LYNDAL CURTIS: As leader of the Government in the Lower House, Mr Albanese is trying to get 22
pieces of legislation through by the end of this week.

The Opposition says the Government isn't allowing proper scrutiny in the House and is considering
which Bills it feels deserve the closer scrutiny a Senate Committee could provide a move which
would delay their passage.

The Opposition leader, Brendan Nelson, has appealed to the Government's sense of democracy.

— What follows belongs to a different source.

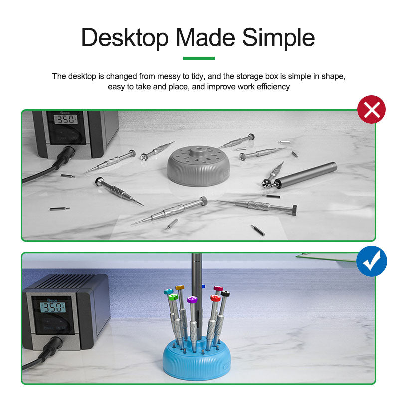 COMPACT STATION - This very well organised station for small screwdrivers takes up very little room on your work area. Perfect for phone repair technicians.
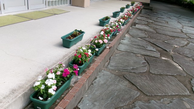 昨日の委員会で、栽培委員会の児童がプランターに花を植えてくれました。おかげで今日の朝は花たちにお出迎えされました。

BRENDAN NELSON: We recognise that there are always some circumstances where the government of the
day will need to hurry legislation through but most of these Bills do not have any sense of urgency
about them and for goodness sake, we live in a democracy. Every man, every woman that comes to this
Parliament, whether Labor, Liberal, National or independent has a right to express a view on behalf
of his or her constituents.

LYNDAL CURTIS: But the Government argues the Bills are urgent and Mr Albanese says the Opposition
only has itself to blame if it is feeling pressured by the legislative timetable.

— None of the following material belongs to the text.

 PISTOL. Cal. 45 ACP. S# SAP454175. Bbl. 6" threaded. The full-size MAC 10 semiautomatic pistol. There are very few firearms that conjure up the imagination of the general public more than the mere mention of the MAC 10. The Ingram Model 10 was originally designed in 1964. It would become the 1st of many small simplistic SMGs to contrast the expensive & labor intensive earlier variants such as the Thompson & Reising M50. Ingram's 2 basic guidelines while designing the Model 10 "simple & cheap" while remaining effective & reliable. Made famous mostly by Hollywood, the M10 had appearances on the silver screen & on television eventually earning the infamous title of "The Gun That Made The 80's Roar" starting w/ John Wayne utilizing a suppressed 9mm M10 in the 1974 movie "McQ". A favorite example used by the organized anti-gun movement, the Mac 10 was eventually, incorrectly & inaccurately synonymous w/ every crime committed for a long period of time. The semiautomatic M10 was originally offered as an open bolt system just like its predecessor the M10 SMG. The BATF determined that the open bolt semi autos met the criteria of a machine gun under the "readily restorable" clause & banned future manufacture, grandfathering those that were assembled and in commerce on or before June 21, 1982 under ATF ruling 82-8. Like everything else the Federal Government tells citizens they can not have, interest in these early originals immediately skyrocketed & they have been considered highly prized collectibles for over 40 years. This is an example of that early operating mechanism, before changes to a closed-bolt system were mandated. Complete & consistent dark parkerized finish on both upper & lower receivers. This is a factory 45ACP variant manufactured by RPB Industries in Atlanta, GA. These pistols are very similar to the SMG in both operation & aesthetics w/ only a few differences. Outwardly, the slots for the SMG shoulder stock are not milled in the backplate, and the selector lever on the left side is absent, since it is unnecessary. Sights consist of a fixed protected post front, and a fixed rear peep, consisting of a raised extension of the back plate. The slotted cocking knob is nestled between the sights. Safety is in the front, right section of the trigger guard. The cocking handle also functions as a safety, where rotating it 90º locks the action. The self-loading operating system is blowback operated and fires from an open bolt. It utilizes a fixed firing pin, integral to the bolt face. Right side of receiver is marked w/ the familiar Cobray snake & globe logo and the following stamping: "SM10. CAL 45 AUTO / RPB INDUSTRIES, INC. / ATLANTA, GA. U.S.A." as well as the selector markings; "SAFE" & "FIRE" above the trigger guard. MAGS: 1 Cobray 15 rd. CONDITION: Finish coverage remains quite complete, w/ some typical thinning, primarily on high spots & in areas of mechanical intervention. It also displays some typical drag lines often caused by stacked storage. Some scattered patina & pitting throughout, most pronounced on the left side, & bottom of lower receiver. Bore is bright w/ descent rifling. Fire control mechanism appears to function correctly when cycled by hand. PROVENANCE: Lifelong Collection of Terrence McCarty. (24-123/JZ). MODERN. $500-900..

ANTHONY ALBANESE: This is also an Opposition that has wasted almost 10 hours of Parliament's time
on self-indulgent dissent motions in the Speaker, censure motions in the Prime Minister and whoever
else it disagrees with, which is twice the time that was spent on these procedural issues during
the 2007 election year.

LYNDAL CURTIS: Some of the bills need to be through before the end of June because money for
childcare, hospitals and dental programs amongst others is due to start flowing from the first of
July.

After the end of the July the Senate changes and the Government has to convince the Greens, Family
First and one independent to pass its legislation.

Bob Brown has indicated the Greens want to negotiate, not block.

BOB BROWN: I'd be happy to give the government a double dissolution trigger on nothing. I don't
think we should have a double dissolution and the Greens will be working very hard to make sure
that we improve legislation. We will be using the balance of power responsibly.

LYNDAL CURTIS: All this activity is likely to keep the public servants at work, but if they are
aggrieved after having their concerns about working hard for little result dismissed by the Prime
Minister last week, they will have a place to air their views.

The Special Minister of State, John Faulkner, says questions have been added to a yearly survey of
the state of the public service.

While they were added before the Prime Ministerial edict to work harder, the questions do look at
working hours, leave and flexibility of working arrangements.

ELEANOR HALL: Lyndal Curtis with that report.